A Agência Nacional de Energia Elétrica (Aneel) discute em consulta pública a revisão na Resolução Normativa 487/12 que liberou a produção própria de energia elétrica através da energia solar fotovoltaica.

Nesta revisão está em discussão a adoção do que vem sendo chamada “Tarifa do Fio”.

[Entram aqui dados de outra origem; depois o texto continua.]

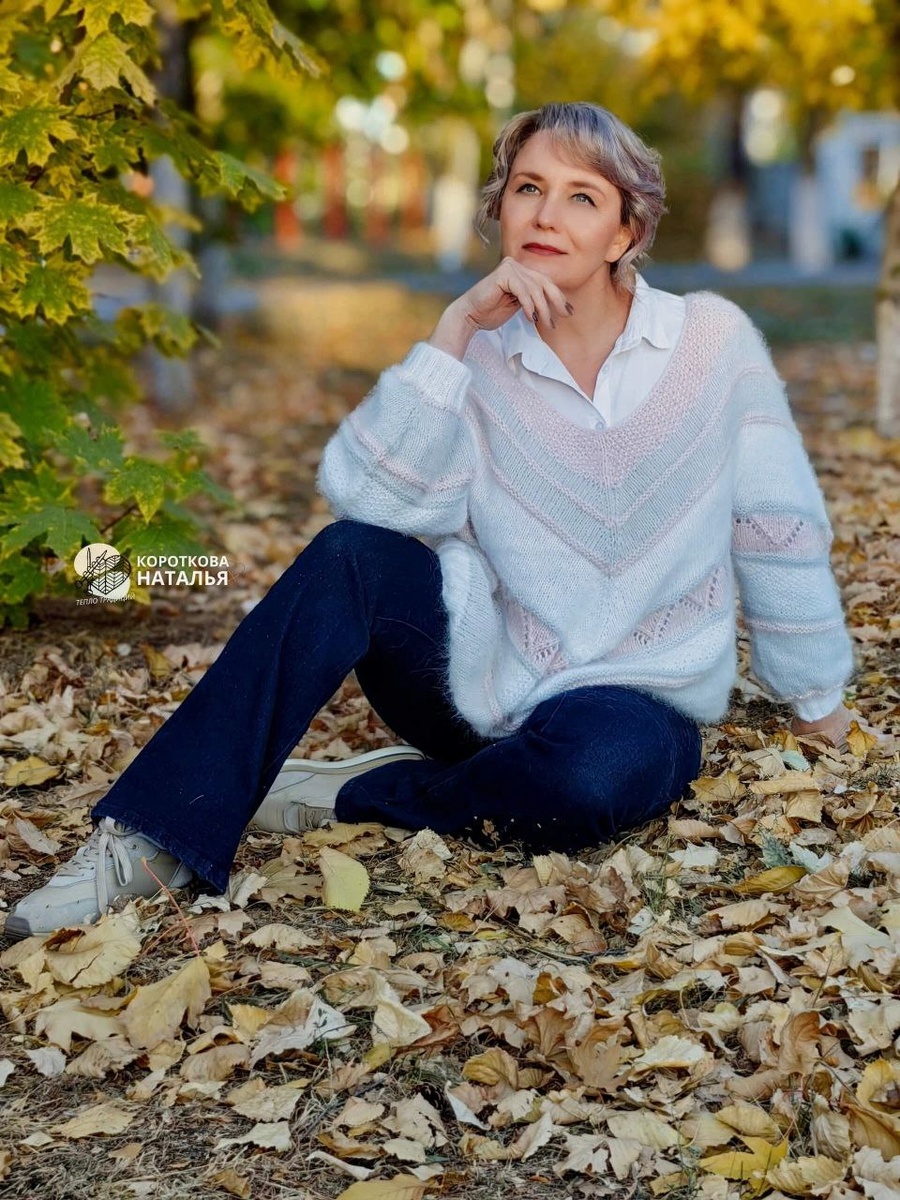 Свитер- пуловер из пяти видов пряжи " Не в сказке сказать " .Самая романтичная модель женского пуловера «Чайка» известна еще с 80 - х годов

A Ponto Solar elaborou um conteúdo exclusivo para você compreender de maneira clara o impacto que a possível aprovação desta medida pode acarretar no setor da energia solar.

Estruturação tarifária

Atualmente os consumidores atendidos em baixa tensão pagam às concessionárias uma tarifa composta por vários elementos. São custos de produção, custos operacionais, impostos, taxas e subsídios que estão todos agrupados sob a sigla de “energia elétrica”.

No entanto, quando os componentes da tarifa são desmembrados, surgem várias siglas. As mais relevantes são a TE (Tarifa de Energia) e a TUSD (Tarifa de Uso do Sistema de Distribuição).

Os próprios nomes já deixam claro: TE refere-se a energia elétrica propriamente dita, enquanto TUSD diz respeito ao custo relacionado a toda estrutura de distribuição presente entre as subestações de rebaixamento de tensão e a chegada até as unidades consumidoras.

As empresas distribuidoras de energia estão reclamando que os consumidores que produzem a própria energia continuam utilizando a estrutura de distribuição presente e não estão pagando por isso.

Desta forma há uma pressão para que os clientes atendidos em baixa tensão passem a ser isentos apenas da TE e que passem a pagar a TUSD isoladamente.

Por isso a cobrança da TUSD vem sendo chamada de “Tarifa do Fio” já que os consumidores passariam a pagar separadamente pelo uso da estrutura de cabos, postes, transformadores e os demais elementos que compõem o sistema de distribuição.

Tarifas para quem usa energia solar podem subir

Caso esta nova forma de cobrança seja realmente implantada, o principal impacto a ser percebido pelos consumidores que produzem a própria energia será um aumento no valor das faturas pagas mensalmente.

A TE (tarifa de energia) será abatida pela autoprodução de eletricidade, mas a TUSD passará a ser cobrada separadamente.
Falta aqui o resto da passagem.